CUDA out of memory when changing first conv layer of resnet

Hi,

I am trying to change the first layer in resnet-50-fpn backbone inside Mask R-CNN provided in torchvision library. I changed it to 4 channels for RGB-depth input data while keeping the weights for first 3 channels using the following code:

self.backbone = resnet_fpn_backbone(arch, pretrained)
# change first layer to 4 channel for early fusion with 1 channel depth, load pretrained weights on RGB channels
conv1_weight_old = self.backbone.body.conv1.weight
conv1_weight = torch.zeros((64, 4, 7, 7))
conv1_weight[:, 0:3, :, :] = conv1_weight_old
avg_weight = conv1_weight_old.mean(dim=1, keepdim=False)
conv1_weight[:, 3, :, :] = avg_weight
self.backbone.body.conv1.weight = torch.nn.Parameter(conv1_weight)

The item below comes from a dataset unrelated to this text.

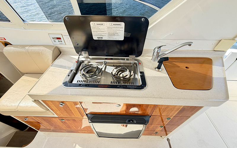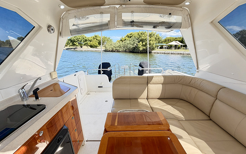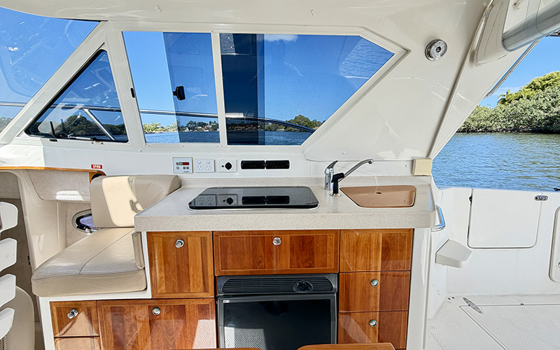 Onboard, “Gemini II” offers a well thought out cruising fit out, including a comfortable dinette and galley, a private head with shower, and accommodation suited to overnighting. This layout makes her an ideal platform for exploring Moreton Bay, quick coastal runs, or comfortable overnight stays on the reef, with the ability to anchor up and enjoy extended time on the water in comfort.

The problem is very weird: it gives ‘CUDA out of memory error’ after training 1 or 2 epochs and starts a new one. I checked gpu memory is full when I stop the program in debug mode on the line it passes forward the backbone. I made a test to train 10 epochs using 10 images. It sometimes works fine and pass all epochs, but in most cases it gives memory error.

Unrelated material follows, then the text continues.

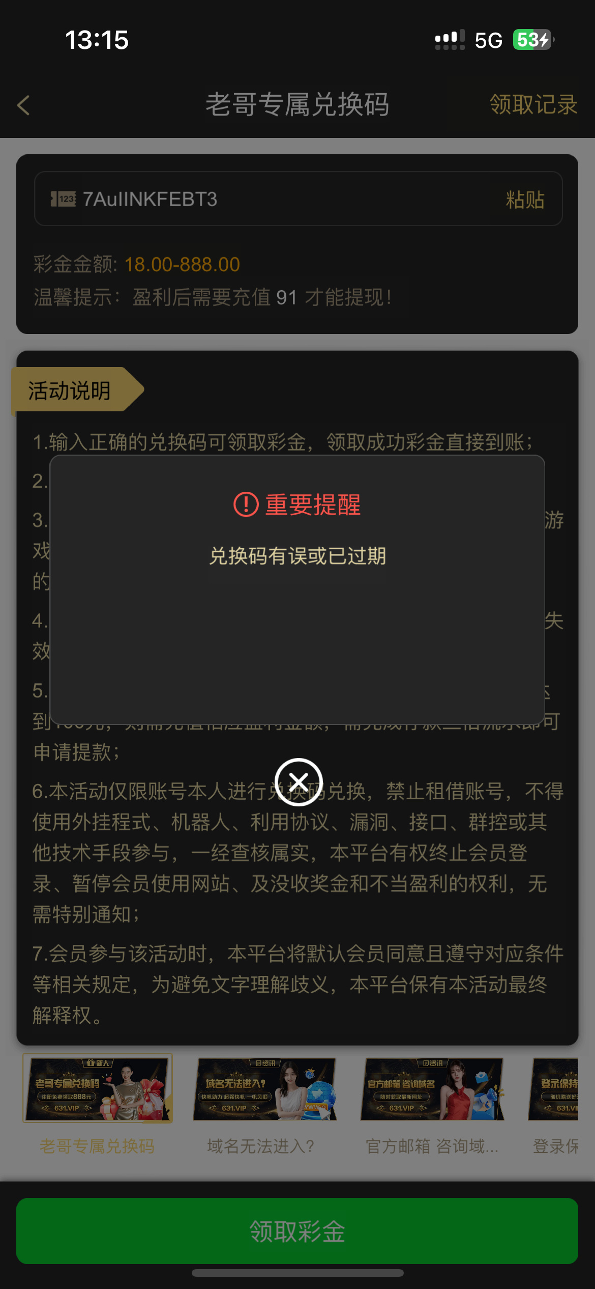 兑换码有误

I also tried commenting two lines calculating average but it makes no difference.
The first conv layer in resnet was like this before changing its shape

nn.Conv2d(3, 64, kernel_size=7, stride=2, padding=3, bias=False)

I think you need to decrease your batch size. When you add one additional channel, the network size will increase compared to original resnet. You gpu memory is not enough for this batch size.

Actually I don’t think it’s memory size problem. And I found somehow I am able to run it in ‘run’ mode without this bug anymore, but cannot go through it in ‘debug’ mode, which are two modes in PyCharm IDE. It’s weird but it happens. Thanks anyway!

I have the same problem with pycharm debugging too. I try to debug my code without parallelization and with just fewer batch size or and data. It consumes too much memory in debug I think. I also tried vscode. It is lighter and faster for such problems.

Oh I can try it! I tried it before but found it could not go inside functions related to neural networks.